MMI-Midwest Manufacturing Index: Current expansion

The Midwest Manufacturing Index is a line graph showing manufacturing activity in the Midwest and the U.S., indexed to 100 in January 1983. The MMI value in August of 1991 was 137.9 (compared with 138.8 the previous month and 136.0 the previous year). The USMI value was 132.5 (compared with 132.0 the previous month and 135.8 the previous year).
Note: The MMI and the USMI are composite indexes of 17 manufacturing industries and are derived from econometric models that estimate output from monthly hours worked and kilowatt hours data. For a discussion of the methodology, see “Reconsidering the Regional Manufacturing Indexes,” Economic Perspectives, Federal Reserve Bank of Chicago, Vol. XIII, No. 4, July/August 1989.

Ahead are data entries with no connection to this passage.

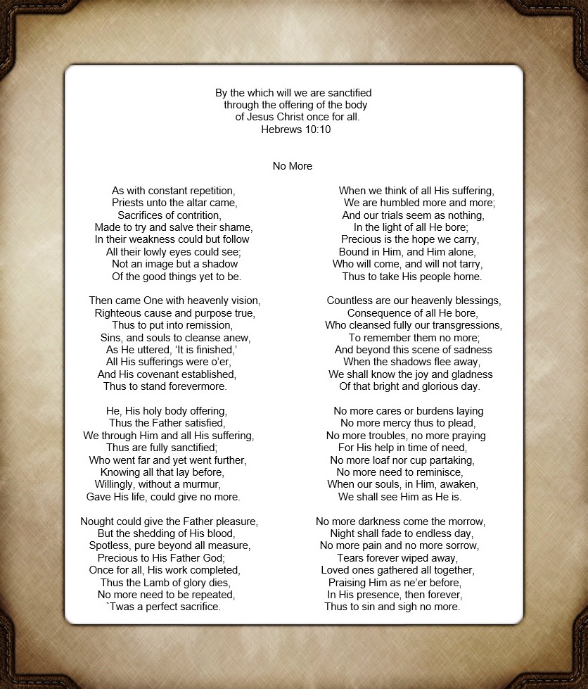 Hebrews chapter 10 (a) Poem by Kenneth I. Burnett Share this: Click to share on X (Opens in new window) X Click to share on Facebook (Opens in new window) Facebook Like Loading...
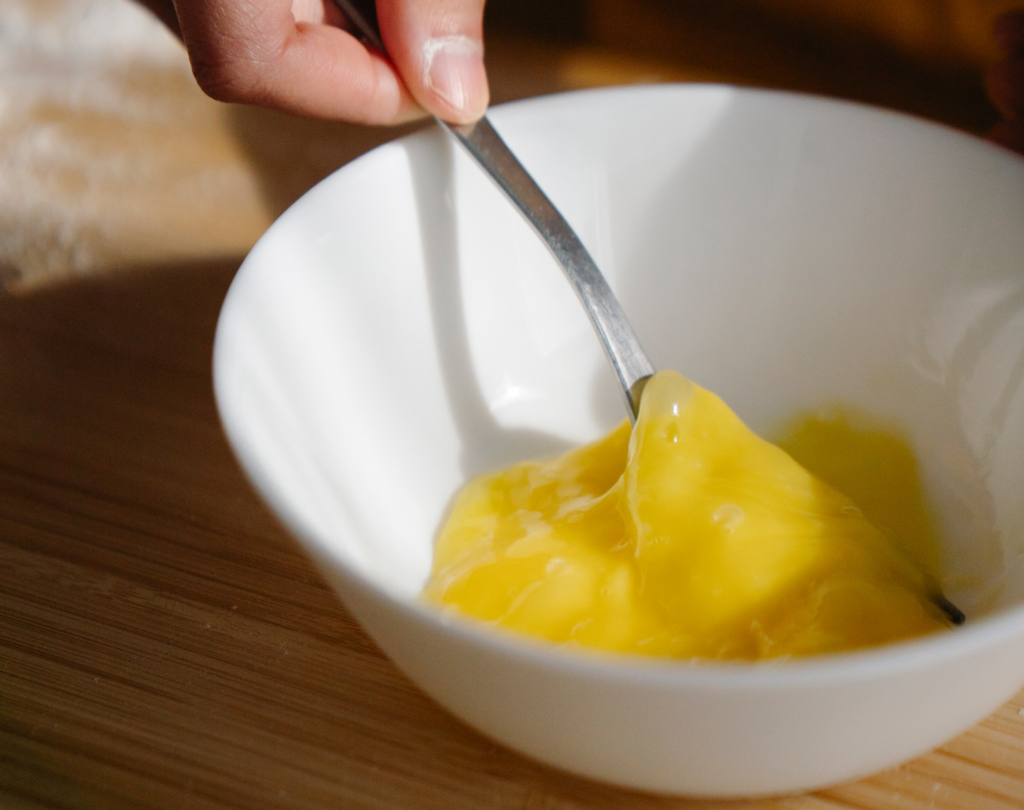 Dodaj jajka i sól do miski. Wymieszaj mikserem.
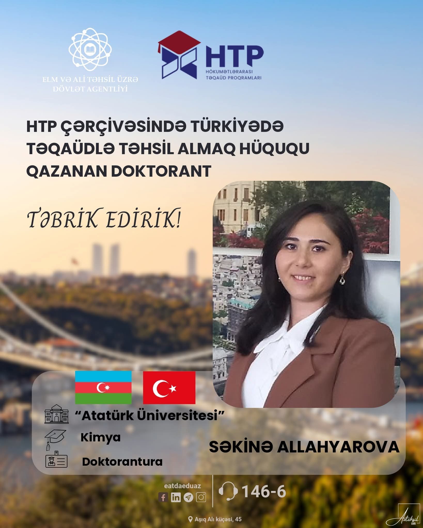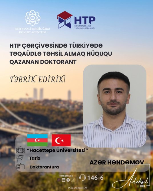 AzTehsil.com xəbər verir ki, Türkiyə tərəfindən verilən yekun qərar nəticəsində 11 Azərbaycan Respublikası vətəndaşı 2025-2026-cı tədris ili üzrə sözügedən ölkənin nüfuzlu universitetlərində doktorantura və postdoktorantura səviyyəsində təhsil almaq imkanı qazanıb.

Manufacturing activity in the Midwest declined in August for the first time since its recovery began in March. The August decline was modest (down 0.6% from the previous month), compared with the monthly gains experienced in recent months. However, that decline was in marked contrast to the continued gains in manufacturing activity nationwide.

The softness in the Midwest was concentrated in the transportation and chemicals sectors of the region’s economy, which were also weak nationally. Declines in the Midwest’s chemicals sector were roughly in line with weakness nationally, but the decline in the transportation sector was substantially deeper than for the nation as a whole.


Notes

1 Economic Report of the President, February 1986, p. 133.

2 C.A. Luckett, “Personal Bankruptcies,” Federal Reserve Bulletin, September 1988, pp. 591-603.

3 T. Sullivan, E. Warren, and J.L. Westbrook, As We Forgive Our Debtors: Bankruptcy and Consumer Credit in America, Oxford University Press, 1989, p. 129.


Opinions expressed in this article are those of the author(s) and do not necessarily reflect the views of the Federal Reserve Bank of Chicago or the Federal Reserve System.